If you are an Architect you may have discovered that you are not going to be asked to spend all your time on improving the design of an existing software product, nor to write code for an specific project.

As soon as you become an Architect, your meeting’s calendar will grow considerably. You will be asked to do the planning for several projects, to come up with estimates, and a very high level description of the software components that will need to be taken into account to accomplish the project. In addition, if you work for a big multinational company, you will be asked to analyse the software technologies of other companies that your company has the intention to acquire. Then, you will present your work to the business using a slide based or a word based tool. This is fine. You have to have very good communication skills.

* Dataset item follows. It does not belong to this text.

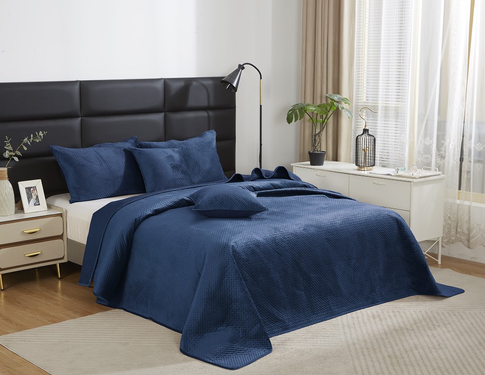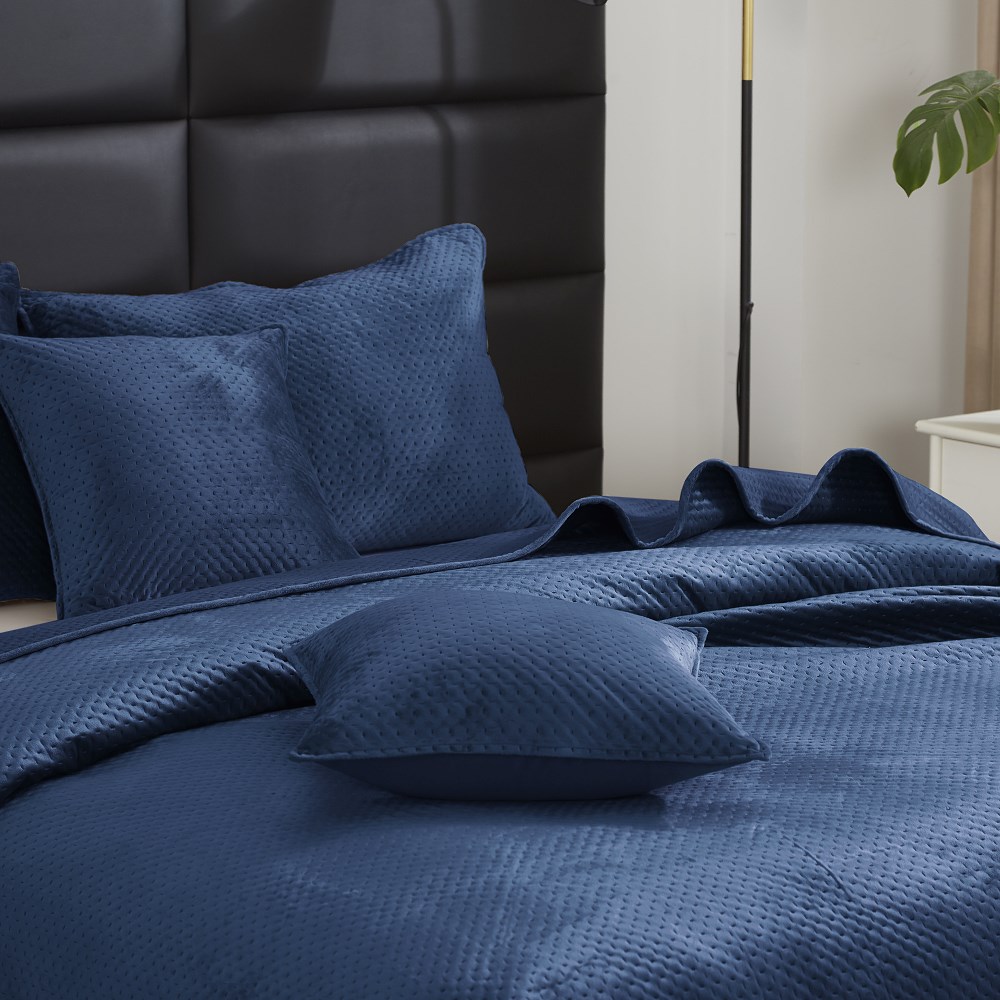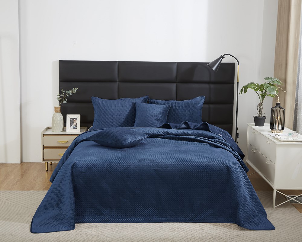 Narzuta welurowa 200×220 Maya granatowa geometryczna krzyżyki I24

But, you cannot forget that an entire team of developers and technical leads are waiting for your guidance too. You cannot leave them behind, you must find the time to write code, to design, to configure a development environment, to write test cases, to explain why an algorithm is better than other, to help developers to fix bugs, to help developers to write maintainable code, to help developers to write unit testable code, to help developers to come up with good designs, to help developers to identify and propose solutions for performance bottlenecks, etc. As an Architect, you must be able to replace a developer if for any reason that is required. In order to be able to do this and in order to lead (by example) a development team, you cannot be entirely divorced from development activities.

Try to find the balance between business related activities vs development activities. If you find hard to have time for development activities, block your calendar once a week (half day) to sit down and write code. This does not mean that you want to ignore an important part of your role, this means that you want to be prepared one day to do development for an underestimated project to deliver it in time.

Stay with your development team, don’t isolate yourself in an office. Make feel them that you are there if they need any help or suggestion. Listen what they say while doing development. Write code yourself and commit code into the repository once in a while.

Oh yes… you will have more work to do with the same amount of hours you had before.